Anyway, I tied two Mk2s as you said (that's different order from what I used before) and here's logs. OLA log: http://paste.debian.net/164491 Sniffer log: http://paste.debian.net/164496

There're transaction numbers in sniffer log.

nomis52 commented 9 years ago

It would have been safe to merge.

In any case, the changes are now in the mainline so you can just run 'git pull' to pick them up.

nomis52 commented 9 years ago

No worries, it would have been safe to merge but it's good to be cautious.

alvangee commented 9 years ago

Done. Here's OLA log: http://paste.debian.net/164688 Here's Sniffer log: http://paste.debian.net/164691 I did several normal Discoveries, then the last one was with shorted X3's RS+ and RS-.

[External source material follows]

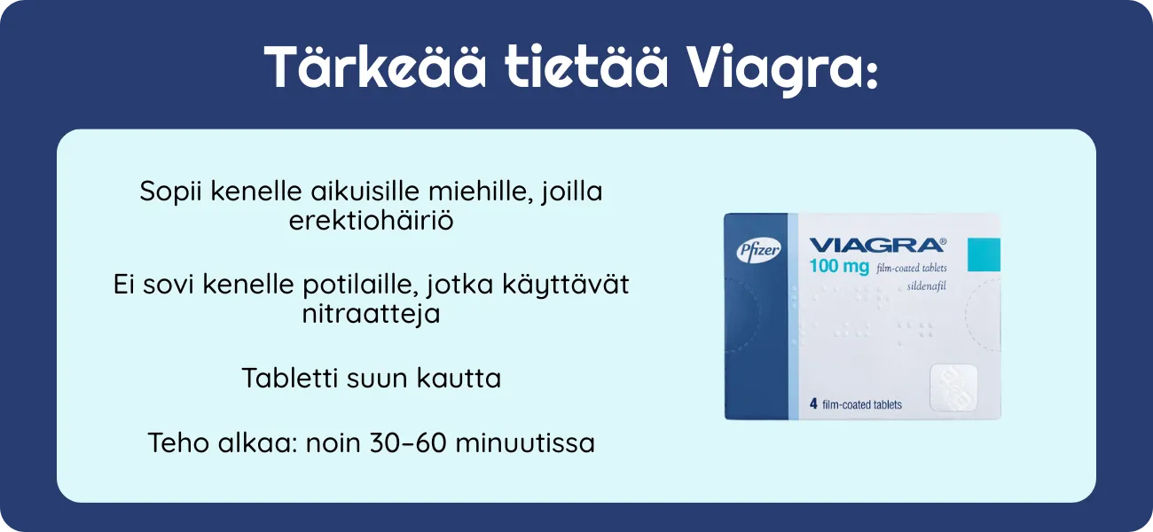 Viagra kuuluu PDE5‑estäjiin ja sisältää vaikuttavana aineena sildenafiilin. Se rentouttaa peniksen verisuonia ja lisää verenvirtausta seksuaalisen kiihottumisen aikana, jolloin erektio on mahdollinen ja sitä voidaan ylläpitää. Käyttöaihe: erektiohäiriö aikuisilla miehillä.

One more thing. In Sniffer log you can see two last messages have RDM Errors Packet Type. It's not seen in log, but in Sniffer window this messages also had "bad timing" marks and unusual duration. I run the test three more times and always, when I short X3, this messages of last hung Discovery are similar - bad timing and long duration. I did the screenshot of last of my tests - it's not the same I got the logs with, but shows exactly the same thing: sniffer_window

nomis52 commented 9 years ago

alvangee: do you want to drop me an email so I have your address and then I can cc you on the thread with Enttec.

I can't reproduce this with my USB Pro (Mk1) so I suspect it's a Mk2 issue.

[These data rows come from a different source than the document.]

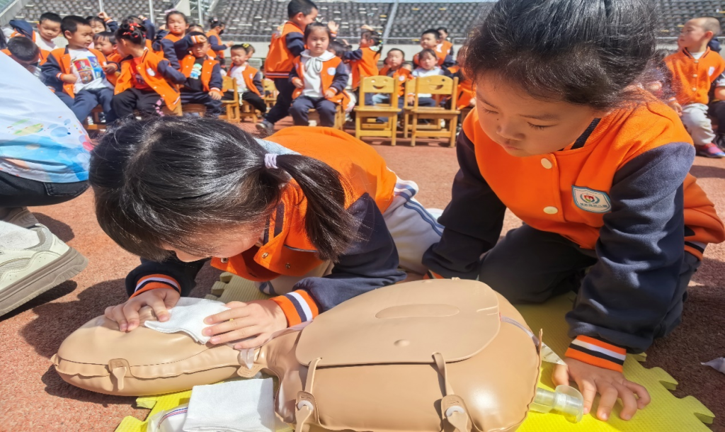 结合幼儿教育机构的特点,志愿队还特别设计了幼儿参与的互动环节,引导幼儿及早树立生命安全理念,提升生命安全意识。大学生志愿队带来了专业的幼儿复苏人体模型,并设置模拟急救场景。“发现有人倒地,首先要确保环境安全!”按压时要记住‘用力按、快速按’!”在志愿者的指导下,小朋友们踊跃参与、分组练习,在轻松愉快的氛围中学习了基本的急救技能。“看到小朋友们认真听讲的样子,我们特别有成就感。”志愿队成员、护理专业学生曾林悦说,“作为未来的医护工作者,能用自己的专业知识服务社会,感觉特别有意义。”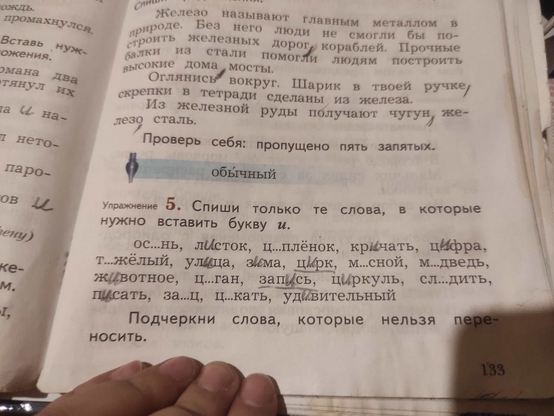 Упражнение 5. Спиши только те слова, в которые нужно вставить букву и.
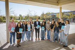 Foto: Landrat Thomas Eichinger (Bildmitte) mit Annette Ring, Schulleiterin an Realschule Kaufering, Tobias Kratschmer Koordinator für Berufsorientierung, Wirtschaftsförderin Kathrin Lenvain sowie Schülerinnen und Schülern der Realschule Kaufering.

In the meantime I'll see if we can work around it in OLA.

alvangee commented 9 years ago

I made my email visible.

nomis52 commented 9 years ago

Thanks, I've started a thread with Enttec (you're cc'ed) and have https://github.com/OpenLightingProject/ola/pull/697 which tries to detect the dropped response. Once that change is merged, can you rebuild and see if you get a "Enttec watchdog fired" message in the logs.

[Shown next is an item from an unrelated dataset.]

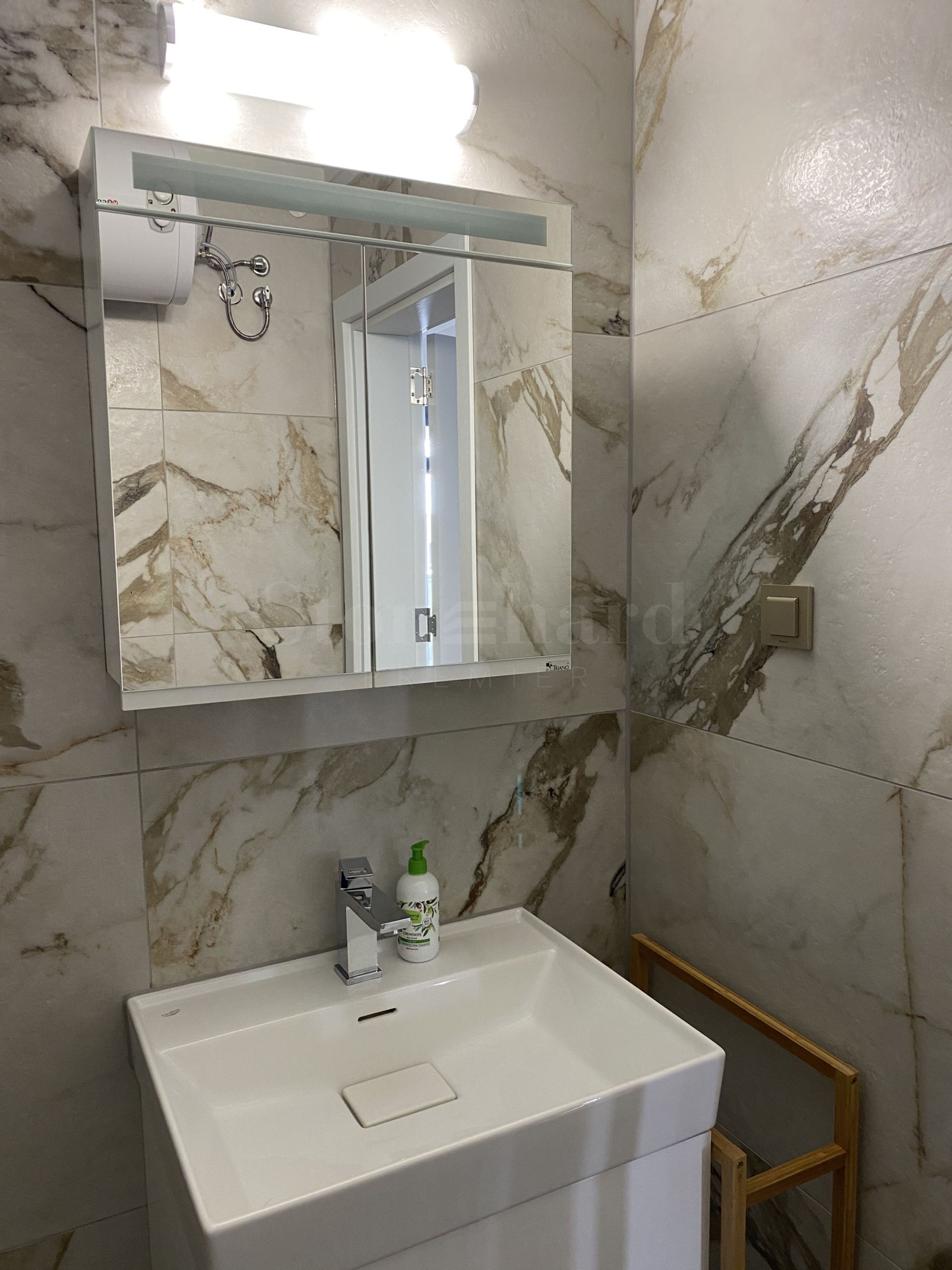 designová koupelna s toaletou, mokrý prostor/komora s pračkou a sušičkou, s vestavěným odvlhčovačem a dalšími prvky.

alvangee commented 9 years ago

I ran test several times. On fifth time I finally got "Enttec watchdog fired" message on line 771: http://paste.debian.net/165200 One more test with the message ran with olad -l 3, not -l 4: http://paste.debian.net/165201

roelofsw commented 9 years ago

Greetings, I've stumbled onto this thread while playing with Ja-Rule and the same Enttec unit, and getting watchdog fired errors. Has there been any resolution from Enttec on this issue? Kind regards,

nomis52 commented 9 years ago

No, no response. I'm going to try to get access to a MK2 unit so I can reproduce the issue.

nomis52 commented 9 years ago

I've got hold of an MK2 unit, now I'm just trying to reproduce the failure.

nomis52 commented 9 years ago

Confirmed with firmware 4.10. I'll chat to Enttec today and see if we can work around it in OLA.